Shipping carriers allegedly refuse to transport US goods

According to a 2021 CNBC investigation, ‘shipping carriers rejected US agricultural export containers worth hundreds of millions of dollars during October and November, instead sending empty containers to China to be filled with more profitable Chinese exports’.

Bluntly put,  this means that foreign shipping carriers are refusing to take American and California-made products, and instead, the shipping carriers take empty containers back to China. The investigation found that in October and November 2020, shipping carriers rejected 178,000 agricultural export containers worth $632 million.

China pays shipping carriers so much money to export Chinese-made goods, they are then paid a premium to carry the empty containers from America back to China. As a result, hundreds of thousands of containers with American products are delayed or remain sitting rotting on American docks in American ports while foreign customers wait.

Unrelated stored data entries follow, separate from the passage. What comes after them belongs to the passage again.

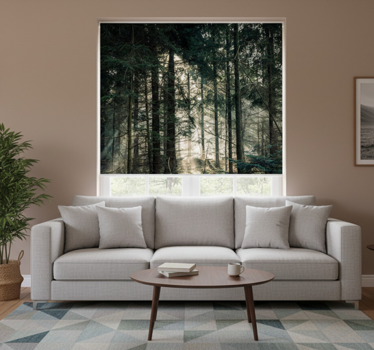 Rolgordijn woonkamer "natuur" bos met donkere tinten dag
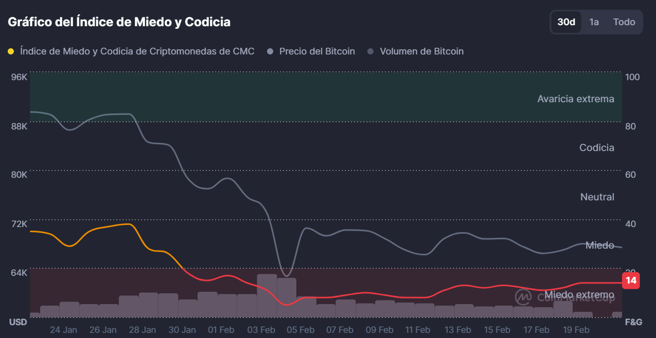 El Índice de Miedo y Codicia se sitúa en 14 puntos, dentro de la zona de miedo extremo, lo que refleja un mercado dominado por la cautela y la aversión al riesgo. En las últimas semanas, el sentimiento se deterioró en paralelo a la debilidad del precio de BTC, evidenciando una contracción de la confianza y menor actividad especulativa.
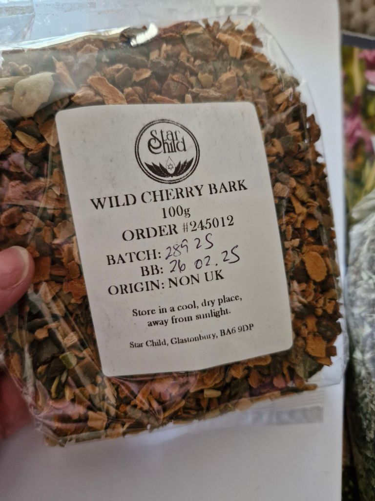 I saw on Star Child Glastonbury shop that Wild Cherry Bark and Coltsfoot were excellent herbs to add to Mullein. And after one extremely terrible night of non stop coughing, I ordered some online find Here for Coltsfoot and Here for Wild Cherry Bark
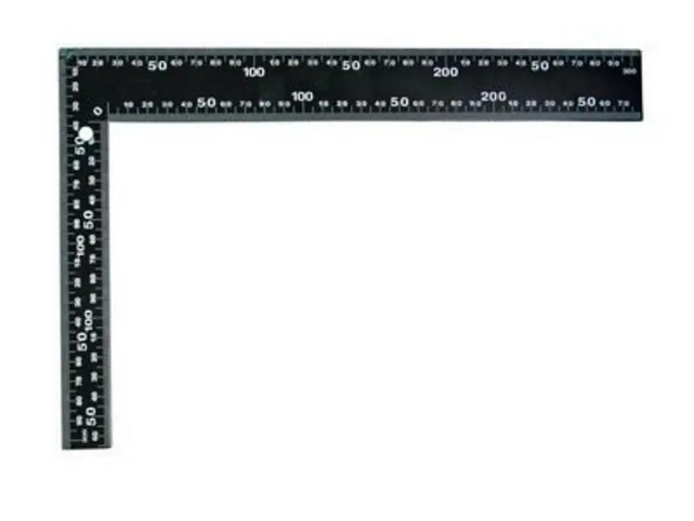 Colț din oțel cu arc, 300×200 mm, scară pe interior și exterior, culoare neagră
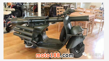 不過如果你幻想著一邊騎著羅馬假日中的性感踏板,一邊拿大炮轟坦克的話,那你就太天真了。這輛1950生產(chǎn)的軍事車輛主要目的是運(yùn)送機(jī)槍,武器送到了指定地點(diǎn)之后,要拆下來,架上支架才能夠使用。
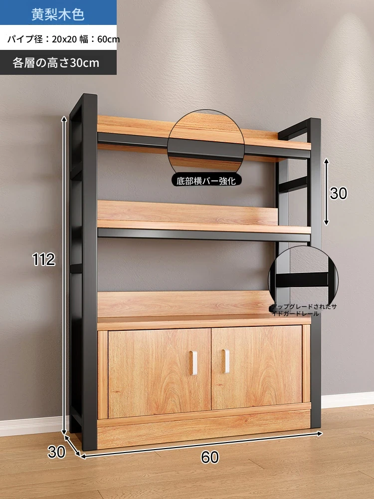【35-40層高 ダブルボトム横棒】黄梨木+黒フレーム四層ラック60CM

In the past year, members of congress, the US Secretary of Transportation, the US Secretary of Agriculture, the California State Transportation Agency Secretary, and the California Department of Food and Agriculture sent letters to the shipping council, leading ocean carriers and Federal Maritime Commissioners. However, the export situation has only gotten worse.

California State Transportation Agency Secretary David S. Kim and California Department of Food and Agriculture Secretary Karen Ross sent a letter in early January 2021 to leading ocean carriers “requesting they take full advantage of underutilized California ports, including the Port of Oakland, to increase capacity for agricultural exports and help relieve supply chain congestion in the San Pedro Bay.” To no avail.

The CNBC investigation unearthed that ‘carriers rejected an estimated 177,938 containers known as TEUs (20-foot equivalent units) in October and November, according to the analysis of data compiled from the Census Bureau and the ports of Los Angeles, Long Beach, California, and New York and New Jersey.

‘According to port trade data, the total export container deficit for the ports of Long Beach and Los Angeles was 136,392 TEUs. An estimated 41,546 TEUs were denied out of the Port of New York and New Jersey. The total value lost export trade from those ports is $632 million.’